L’envie d’avoir un enfant comme déclencheur de l’envie de vaincre son TCA

  • Cette solitude a été un déclencheur pour commencer à vouloir sortir de tout ça, c’est cela ?
  • Oui, même si ça n’a pas suffi. J’en avais fait trop, je m’étais trop isolée.
  • Oui, parce que si je comprends bien, ça a été crescendo et ça a duré dix ans.
  • J’arrivais à conserver des petits liens sociaux, mais c’était compliqué. J’essayais d’inviter les gens, mais pour aller au musée, au ciné… mais pas au resto.
  • Ni au café, ou autre… Je reste marquée par cette durée de 10 ans. Ça paraît long, 10 ans à contrôler ! Je ne sais pas comment tu vois ça toi, avec le recul ?
  • Oui, c’est long… surtout que ça avait commencé avant et que ça ne s’est pas fini quand j’ai eu 30 ans.

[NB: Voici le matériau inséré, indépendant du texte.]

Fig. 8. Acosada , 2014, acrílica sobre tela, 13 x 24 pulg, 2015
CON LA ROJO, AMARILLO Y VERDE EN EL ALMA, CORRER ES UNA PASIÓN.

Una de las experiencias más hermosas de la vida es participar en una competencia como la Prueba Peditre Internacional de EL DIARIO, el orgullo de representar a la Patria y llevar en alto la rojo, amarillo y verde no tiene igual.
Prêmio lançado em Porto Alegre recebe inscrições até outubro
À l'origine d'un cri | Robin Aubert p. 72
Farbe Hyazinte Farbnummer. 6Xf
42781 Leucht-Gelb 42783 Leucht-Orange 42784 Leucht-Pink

Ce qu’il s’est passé, c’est qu’à 30 ans, j’ai voulu avoir un enfant, avec mon mari. J’ai arrêté la pilule… et comme je m’y attendais, je n’ai pas eu mes règles.

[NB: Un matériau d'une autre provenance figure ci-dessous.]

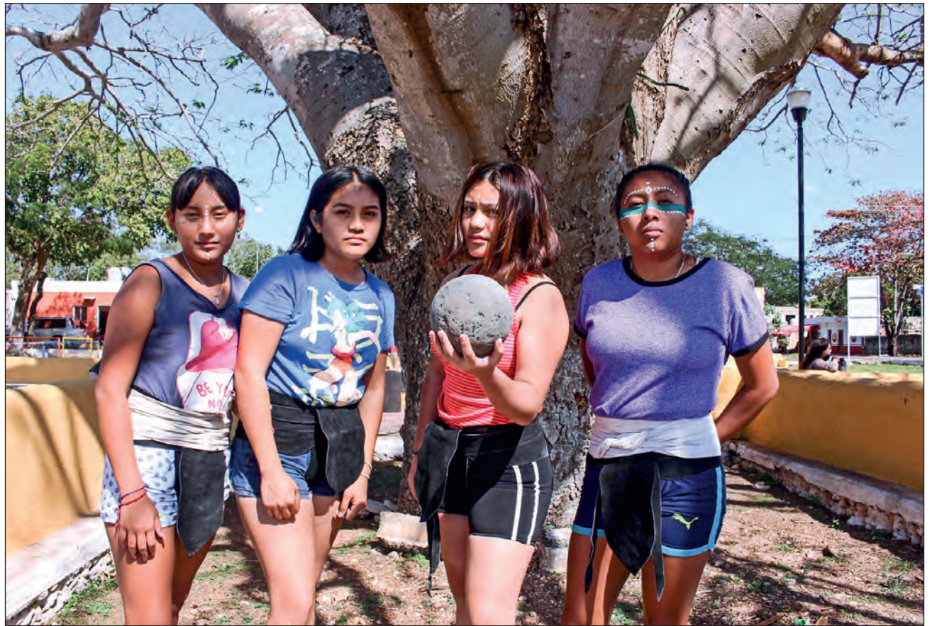
▲ El primer equipo femenino de juego de pelota maya consta de seis mujeres de entre 14 y 21 años, y aunque hay quienes las critican, esto no las detiene.

Rompen los estereotipos de género, demuestran que también tienen fuerza y habilidades para practicar este deporte, al igual que los hombres; incluso hasta mejor, poco a poco van ganando terreno en esta práctica. Los hombres no las excluyen, al contrario, las integran.

  • Tu le savais au fond de toi, mais là, c’est devenu « noir sur blanc ».
  • Oui, je le savais, que j’étais en incapacité. Je le sentais dans mon corps. Nous avons attendu 2 ans avant d’aller faire une PMA. Ça a marché du premier coup et j’ai eu ma petite fille. Ça, ça a participé au cheminement, de me dire que, maintenant j’avais un enfant, que j’avais ce petit être à m’occuper. Je ne voulais pas qu’elle ait une maman malade. Je ne voulais pas ça. Bien sûr, il y a eu plusieurs éléments qui ont joué. Ça n’a pas été un déclic comme ça, le jour de l’accouchement, je ne me suis pas dit « Ça y est, c’est fini ! ». Je n’avais presque pas pris de poids : j’avais dû prendre 9 kilos en 8 mois. Le jour de l’accouchement, je me suis dit « il va falloir revenir à ta petite routine », parce que je faisais beaucoup de sport, en plus du contrôle. En post-partum, je me suis donc remise à faire du sport et à contrôler. Là, j’ai beaucoup perdu. L’allaitement, ça m’a beaucoup fait perdre de poids. Je n’avais jamais maigri aussi vite de ma vie. Ma fille est née en juin et en décembre, à Noël, j’ai été au poids le plus bas de toute ma vie. Je n’avais jamais été aussi maigre. Un jour, mon père a appelé mon mari dans mon dos et lui a longuement parlé pour lui dire qu’il s’inquiétait, etc. Il voulait savoir si j’allais bien. Là, je me suis dit « Ça ne va plus du tout. Maintenant, tu as une fille, mais tu continues à être obsédée par ton poids, tes calories… ». C’est là que je suis allée consulter une psy et une diététicienne et que j’ai accepté de me dire que je ne m’en sortirais pas seule.
  • D’accord. Cette prise de conscience provient de différentes choses, mais avec au cœur l’arrivée de ta petite fille, le fait que tu ne voulais pas qu’elle grandisse avec une mère malade. Tu mettais ce mot-là, de « maladie » ? 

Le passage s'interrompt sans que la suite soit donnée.